This article looks into all the important details you need to know regarding a market order.
Basic Definition
Let us begin by looking into the definition of a market order. This particular order is a kind of request from traders to their respective brokers to instantly carry out the execution of a trade at the most favorable price. Implementation of a market order happens at a very swift pace, given there is adequate liquidity in the financial market. When market orders pass, you call them ‘filled orders.’

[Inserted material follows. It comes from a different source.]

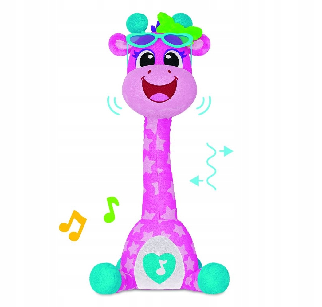 Ця енергійна тварина знає стільки ж у вигляді 12 різноманітних мелодій, під які він виконує кумедний танець, похитуючи шиєю в ритмі музики. Жираф оснащений кнопкою-зірочкою, що світиться, яка активує звуки та танці, додаючи додаткової радості.
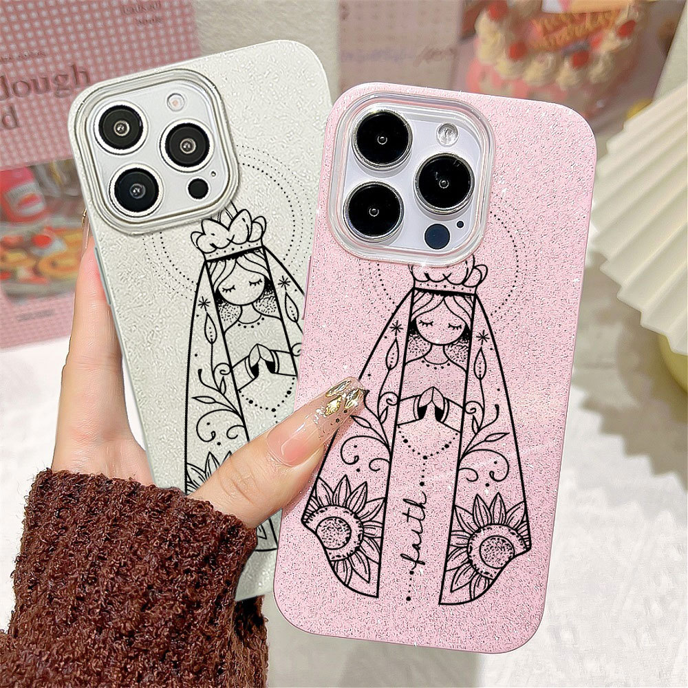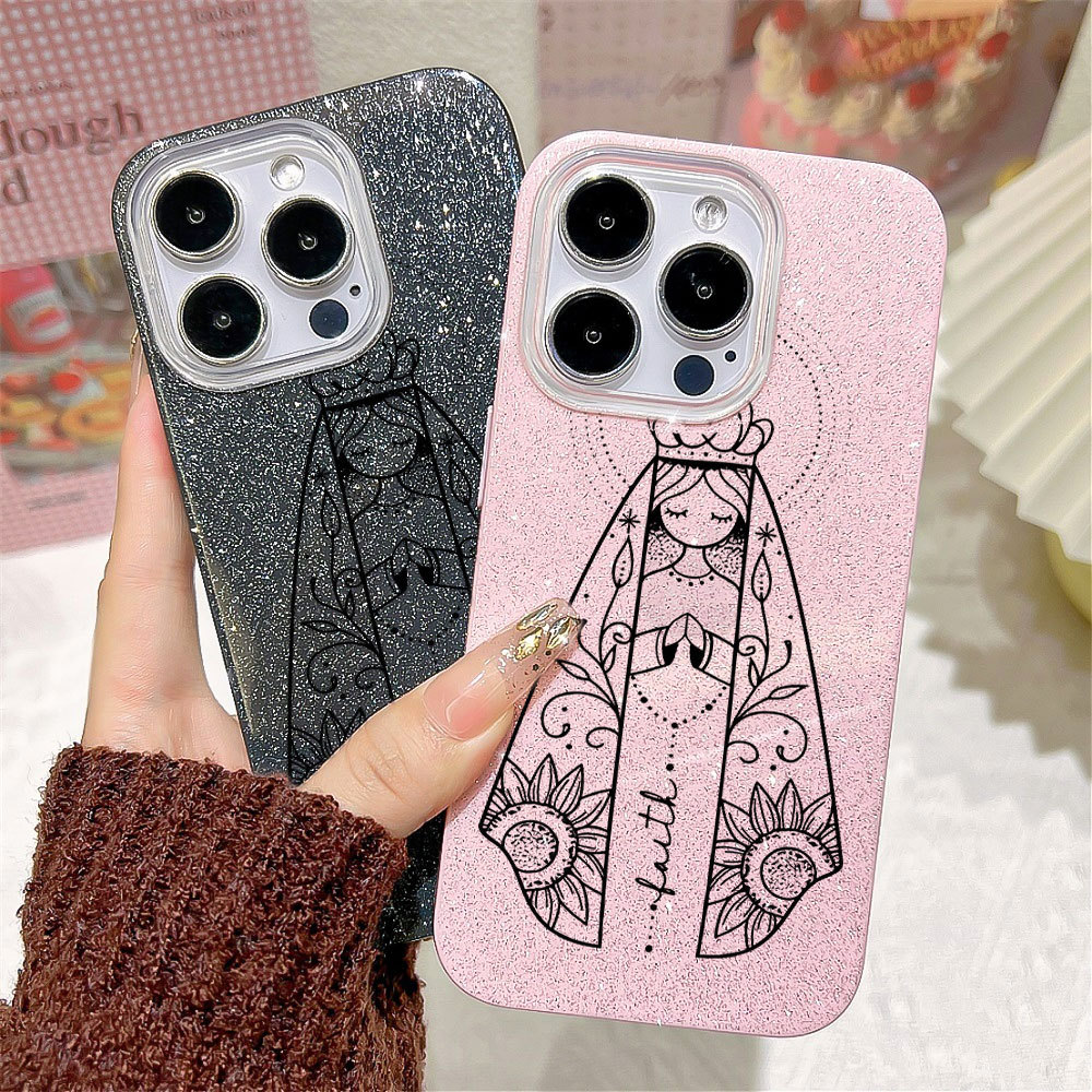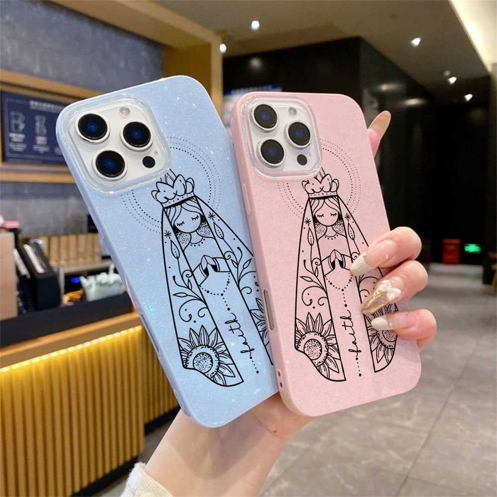 Nossa Senhora Capinha Para iPhone 17 Ar 16 15 14 Plus 13 12 11 Pro Max XR Capa Glitter Bling Anti-impacto

So when does a trader utilize market orders? Financial traders normally make use of them when they would like to sell or purchase close to or precisely at the existing market price. Any trader who has a preference to keep things simple opts for a market order. That is because there happens to be no condition regarding the timeframe or price. At times, compared to other order types, a market order can also have a smaller commission.
Market Order Fundamentals
It is very important to be aware of the basics of market orders. Out of all kinds of orders, people usually consider market orders to be the simplest. You can execute them very swiftly at an existing ask price of an asset. This is precisely why some of the brokerage firms include trading applications that feature a selling/buying button. Pressing this particular button typically passes a market order. As stated above, in most scenarios, a market order incurs the smallest commission compared to any kind of order since they require minimal effort from the broker’s side. Hence, the broker does not charge much in terms of commission fees.
Now, let us look into the advantages of market orders.
Pros of a Market Order
The following are some of the key benefits of executing market orders.
- Flexibility and freedom to get into a particular stock any time you like.
- Ability to get into stocks that are not very liquid.
- Stronger likelihood of order filling.
- Possibility to purchase higher volumes of shares with no hassle.